I see the same problem in my client work. I train sales teams for a living, and whether it's a contractor following an SOP or a sales rep following a playbook, the core challenge is identical: consistency.

Everyone talks about AI hallucinations, but nobody talks about the human version. The inconsistency that quietly kills deals, training programs, and operational processes every day.

You build the playbook. You train the team. And then you hope they actually follow it. SOPs you write at midnight knowing that maybe half the steps get executed the way you intended. Reps skip discovery questions. Managers wing their coaching. People get tired, distracted, overconfident.

The biggest risk in any process isn't a bad strategy. It's execution risk. The gap between what the playbook says and what the human actually does.

I've always been wired to fight that with systems. Partly discipline, partly necessity. I have ADHD, so if something isn't a documented process, it doesn't get done. That orientation has shaped how I build everything: how I delegate, how I onboard, how I deliver client work.

The Shift

Something shifted in Q4 2025. The SOPs I've always written don't just train people anymore.

They run.

They run with best practices embedded, at full effort, every time. They don't skip steps because they're tired or think they know better. The execution risk that's followed me through every business I've built, every sales team I've trained, drops close to zero.

In Q1 2026, working alone, I accomplished more than I would have expected to achieve in an entire year. No engineering team. No technical background.

I built 30+ working automations. Not prototypes, not demos. Systems that run my business every single day.

And the thing that made it possible isn't what most people think.

The Building Permit

If most of your work involves research, communication, analysis, writing, or moving information between systems, then the question isn't whether AI can help with your problem. It's whether you can describe your problem as a process.

Every system I described above was built using the same five steps.

Step 1: Start with the business problem. Identify the processes that contribute to it. Map the steps, the decisions, the criteria for moving from one stage to the next.

Step 2: Research the best practices. Use deep research to find the proven frameworks. AI out of the box gives average answers. Best practices in gives excellent answers out.

Step 3: Let AI interview you. Give it your process and your research. Then let it ask you every question it needs to build something personalized to your business.

Step 4: Let AI build it. Agents can now plan, execute, and connect to your tools. You bring the vision. They bridge the technical gaps.

Step 5: Iterate. Nothing works perfectly the first time. But the cycle is hours, not weeks.

That's the framework. Here's what it produced.

What One Person Built in a Quarter

Here's a sample of what one person built in a single quarter.

For My Business

I built a lead generation engine. Six automated workflows run every Monday, searching for newly hired CROs, AI transformation leaders, and GTM engineers. They research each person, score them, and write personalized outreach sequences.

By the time I sit down with coffee, there are ready-to-send drafts in my inbox. I had my first sales meeting two weeks after turning the system on, from about 40 contacts.

Separately, I built a 259-contact campaign targeting private equity firms. Seven audience segments, 70 custom emails, tenure-based message variants. The whole system is documented well enough that my team executes it without me.

I built AI voice agents that conduct structured 25-30 minute interviews with real humans. Three separate systems: one for change management diagnostics, one for mapping a client's outreach process, one for content workflow analysis. Each one extracts insights from the transcript, generates a formatted report, logs everything to a tracking sheet, and sends a notification. All within 60 seconds of the call ending. These aren't chatbots. They're doing work I used to do myself or pay specialists to do.

Client onboarding triggers automatically when someone gives a verbal commitment. Contract, communications, invoice contact collection, QuickBooks. One trigger, full sequence.

A task tracker scans my meeting transcripts three times a day, extracts action items, assigns them to the right person, and flags priorities. It even overrides me when I volunteer for tasks I shouldn't be doing. (It knows my habits.)

For My Clients

I built a library of 30+ custom AI skills that power my consulting work.
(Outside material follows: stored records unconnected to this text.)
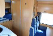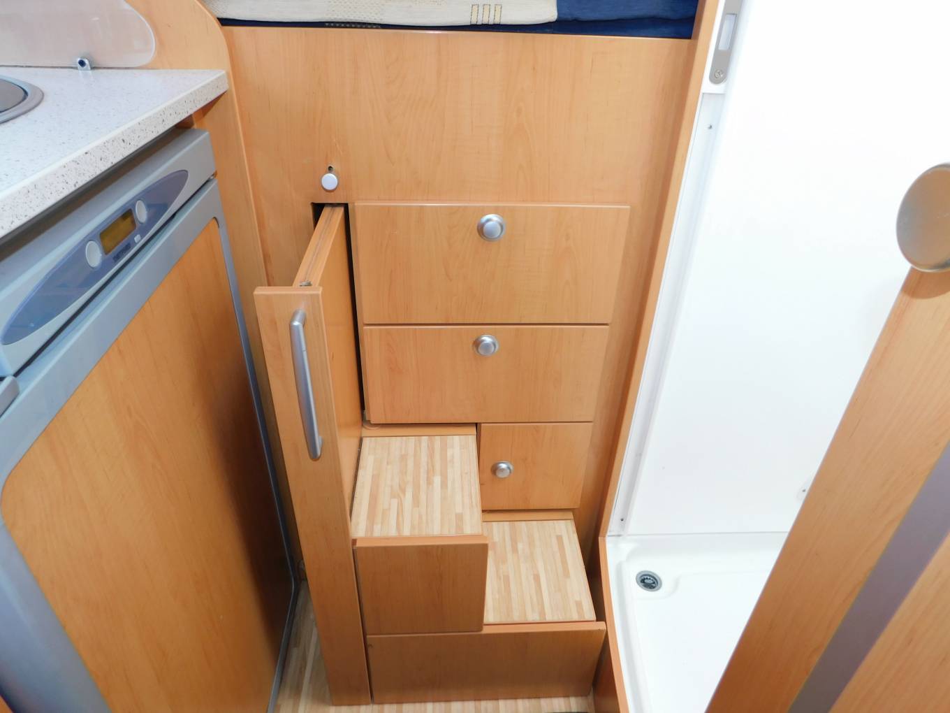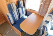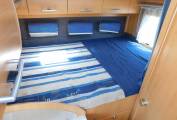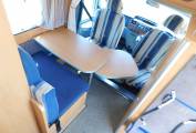 The main feature is the large transverse fixed double bed that can accommodate the tallest of adults, a comfortable mattress, privacy curtains, a window plus a roof vent provide natural daylight. Upper aircraft style lockers for storage and a clever slide out step to assist in accessing the bed.
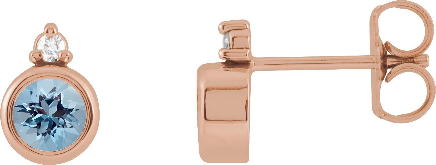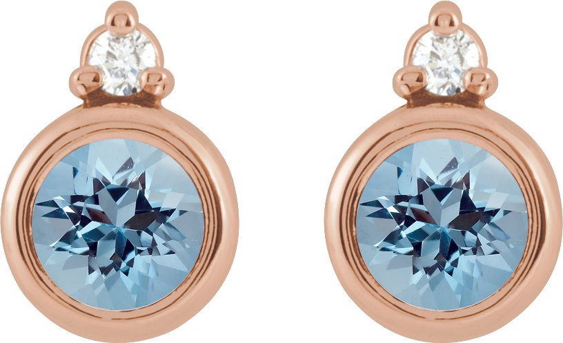 14K Rose 4 mm Natural Aquamarine & .03 CTW Natural Diamond Earrings
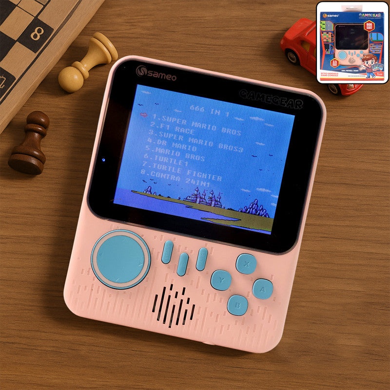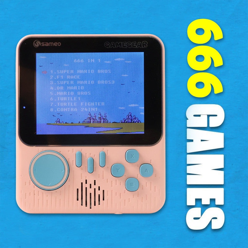 The Sameo GameGear Retro Handheld Console is the ultimate throwback to classic gaming, designed with a wide vibrant screen, ergonomic buttons, and an extensive library of 666 built-in games that guarantee endless fun for players of all ages. From iconic adventure and racing titles to timeless arcade and puzzle challenges, this portable gaming device offers a nostalgic experience without the need for cartridges or downloads. Its lightweight and compact design make it ideal for travel, casual play, or family entertainment, while the responsive controls and high-quality sound ensure smooth gameplay. Perfect as a gift for kids, retro gaming fans, or anyone who loves portable entertainment, the Sameo GameGear brings the joy of classic video games into the modern era.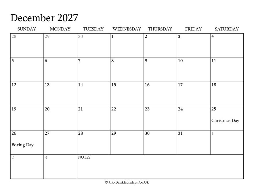 Your are downloading December 2027 Editable Uk Calendar With with Holidays from website UK Bank Holidays. Please select a format (.docx or pdf) you like to download and print!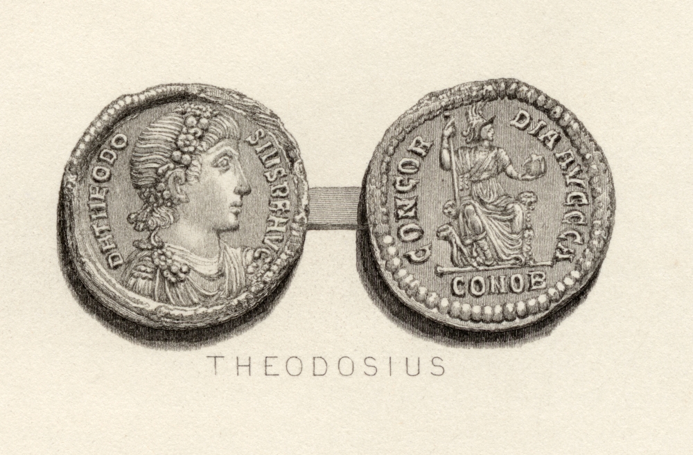 - Solidus Coin From The Time Of Theodosius The Great Flavius Theodosius AD 347-395 Roman Emperor

Call scoring using MEDDPICC and SPICED frameworks. Seller performance analysis across eight dimensions. Buyer journey classification. Sales process diagnostics. Proposal generation in my voice. Multi-touch outreach sequences matched to case studies and offers.

I built an ROI model for AI voice agents designed to survive a CFO review. A diagnostic sales deck. A revenue calculator. Tools that do the selling before I ever get on a call.

Every one of these was a goal I had for the year. I expected to get to maybe half of them by December, working weekends to push through. Instead, I built all of them in a quarter. Following the same five steps, every time.

Here's the part that matters: I don't have an engineering background. I have a law degree. Six months ago, I had never built an automation, worked with an API, or configured a webhook.

The framework works. Let me show you why.

The Five Steps, Unpacked

Step 1: Start with the Business Problem

This is where most people go wrong. They start with the tool. "I should use AI for something." That's backwards. Start with the problem, then work backwards to the processes that surround it.

Michael Gerber built an entire philosophy around this in The E-Myth Revisited: design the business so it's system-dependent, not founder-dependent. If you can't describe how something works to someone who's never done it before, you can't scale it.

Rachel Woods built a practice around it with what she calls AI playbooking. Her core principle: own the playbook, rent the tech. Document your process so thoroughly that AI can execute it, and you can migrate to better tools without starting over.

The discipline is the same. You need the sequential steps, the if-then decision points, the criteria for moving from one stage to another, and the technology stack where the information lives. That's your SOP. That's the raw material.

Your SOP doesn't need to be perfect. You need the goals, the general steps, and the key decision points. Claude can help you identify gaps and fill them as you move toward implementation. But you need at least an outline before AI can act on it.

If you're not someone who naturally documents everything, tools like Tango, Scribe, and Loom let you record your screen while you walk through a workflow and turn it into a step-by-step SOP automatically. I'm obsessive about process documentation by nature. It's what gives me confidence that the output will be consistent, whether it's me executing or an agent. But the starting point is the same for everyone: get the process out of your head and into a format AI can work with.

Step 2: Research the Best Practices

This is the step most people skip, and it's the difference between a mediocre build and one that actually works.

Before I built voice interview agents, I ran deep research on ElevenLabs architecture, common failure modes, and best practices for configuring conversational AI. Before I built call scoring systems, I combined my own consulting frameworks with published research on what separates high-performing sales calls from average ones.

I use Gemini Deep Research, ChatGPT, Perplexity, and Claude for this. Multiple tools, multiple passes. I don't read 40-page papers. I throw them into Claude and ask: "What are we learning here? What does the research say about the right way to build this?" If you're not running out of deep research queries every month, you're leaving opportunity on the table.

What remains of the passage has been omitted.